DJs stock surges 20% on takeover news

Eli Greenblat
June 29, 2012
The Age

Struggling upmarket department store David Jones has received an unsolicited takeover approach from a British company, which could potentially value the retailer at more than $1.4 billion and spark a consolidation of the underperforming Australian retail sector.

David Jones told the Australian Securities Exchange this morning it had received an unsolicited letter from a non-incorporated UK entity indicating its interest in making an offer for the retailer.
It is believed that David Jones chief executive Paul Zahra is currently overseas in Europe on business.

In a brief statement to the market, David Jones said the approach was made by a non-incorporated UK entity about which ”no usual public information is available’’.

“The directors do not believe they currently have relevant information to enable them to qualify or value the approach but should this change will advise the market accordingly,’’ David Jones said in a statement this morning.

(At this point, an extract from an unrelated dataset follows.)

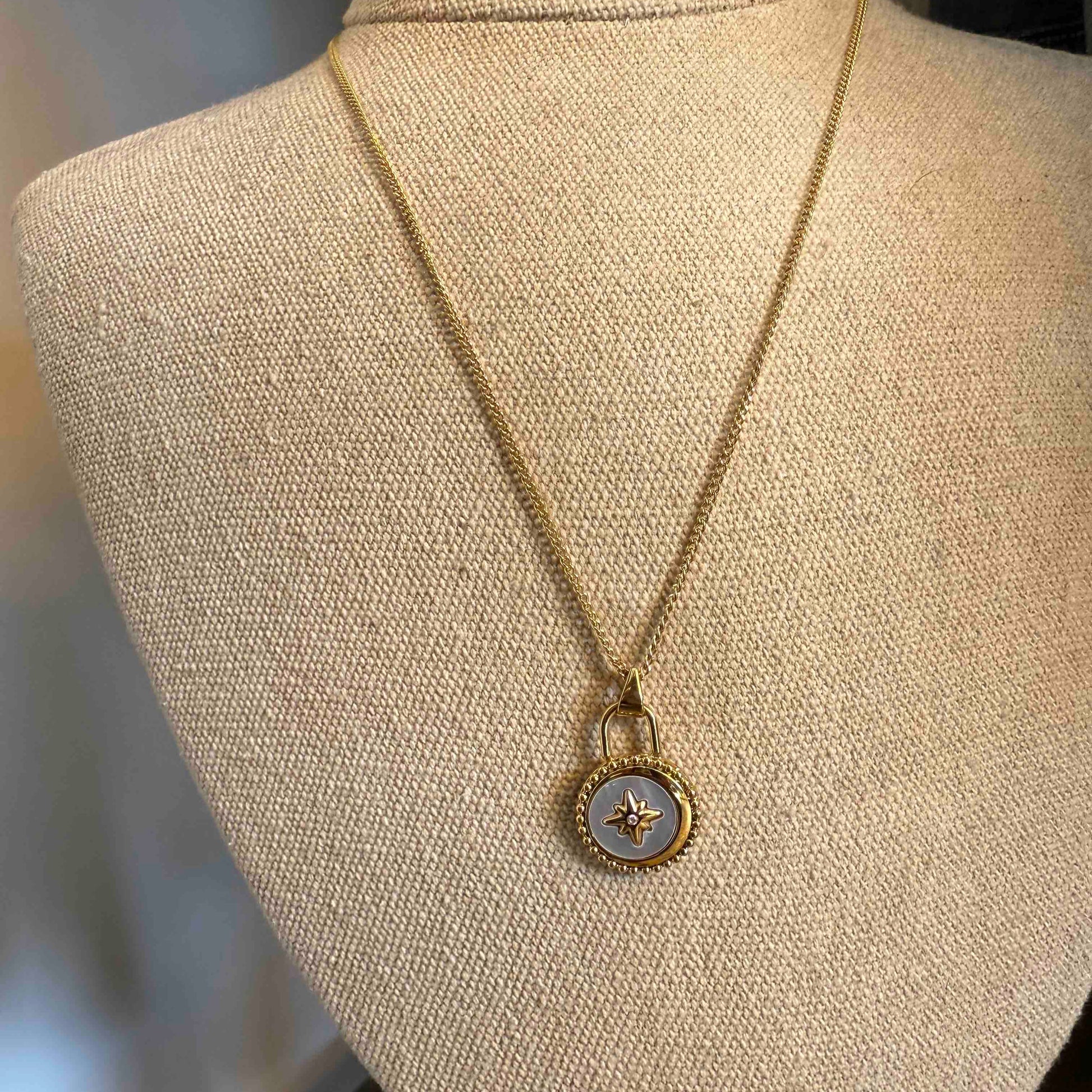 Collier en acier inoxydable mi-long doré et gris.

‘‘In the meantime the directors recommend that shareholders treat related market comment cautiously.’’

Analysts and market watchers have been tipping a potential takeover of David Jones or Myer for some time as both department stores struggle in the current poor economic environment.

Shares in David Jones rallied immediately upon the breaking news of a potential multi-billion dollar takeover, rising 35 cents – or 15 per cent – to $2.61.

Rival store Myer saw its shares rise 9 cents to $1.63.